= WHAT YOU WILL DO =
Among the entries below, one line contains "根据公司安排,beats36" and another contains "Его Преосвященству сослужили". Transcribe those two lines and every line between them, exactly.

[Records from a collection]
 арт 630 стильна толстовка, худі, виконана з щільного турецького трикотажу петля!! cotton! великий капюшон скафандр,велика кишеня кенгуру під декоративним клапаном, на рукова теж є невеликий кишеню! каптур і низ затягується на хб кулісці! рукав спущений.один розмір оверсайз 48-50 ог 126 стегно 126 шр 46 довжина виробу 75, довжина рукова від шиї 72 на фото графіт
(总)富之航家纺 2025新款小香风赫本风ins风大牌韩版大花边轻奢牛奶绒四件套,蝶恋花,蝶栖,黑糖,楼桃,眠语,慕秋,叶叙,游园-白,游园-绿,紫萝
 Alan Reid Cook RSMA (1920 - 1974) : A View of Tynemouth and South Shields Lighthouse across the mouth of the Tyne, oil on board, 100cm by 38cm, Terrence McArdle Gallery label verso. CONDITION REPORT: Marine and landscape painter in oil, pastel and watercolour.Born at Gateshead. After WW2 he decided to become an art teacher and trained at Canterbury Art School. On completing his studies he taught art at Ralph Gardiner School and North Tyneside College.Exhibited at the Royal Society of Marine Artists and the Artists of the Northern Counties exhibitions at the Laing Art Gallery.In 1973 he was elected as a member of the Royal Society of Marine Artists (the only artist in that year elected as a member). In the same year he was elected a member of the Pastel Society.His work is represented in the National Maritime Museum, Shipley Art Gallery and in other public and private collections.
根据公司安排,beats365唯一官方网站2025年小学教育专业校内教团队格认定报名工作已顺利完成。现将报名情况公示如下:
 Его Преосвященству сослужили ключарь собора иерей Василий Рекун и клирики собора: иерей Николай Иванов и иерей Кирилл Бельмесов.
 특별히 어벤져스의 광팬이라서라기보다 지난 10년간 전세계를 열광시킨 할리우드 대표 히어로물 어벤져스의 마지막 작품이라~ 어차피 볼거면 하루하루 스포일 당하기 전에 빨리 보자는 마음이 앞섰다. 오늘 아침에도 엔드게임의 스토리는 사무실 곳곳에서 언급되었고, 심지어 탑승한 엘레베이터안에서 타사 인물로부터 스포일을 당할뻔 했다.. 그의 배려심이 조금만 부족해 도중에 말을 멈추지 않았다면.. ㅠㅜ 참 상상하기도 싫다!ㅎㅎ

= ANSWER AREA =
根据公司安排,beats365唯一官方网站2025年小学教育专业校内教团队格认定报名工作已顺利完成。现将报名情况公示如下:
 Его Преосвященству сослужили ключарь собора иерей Василий Рекун и клирики собора: иерей Николай Иванов и иерей Кирилл Бельмесов.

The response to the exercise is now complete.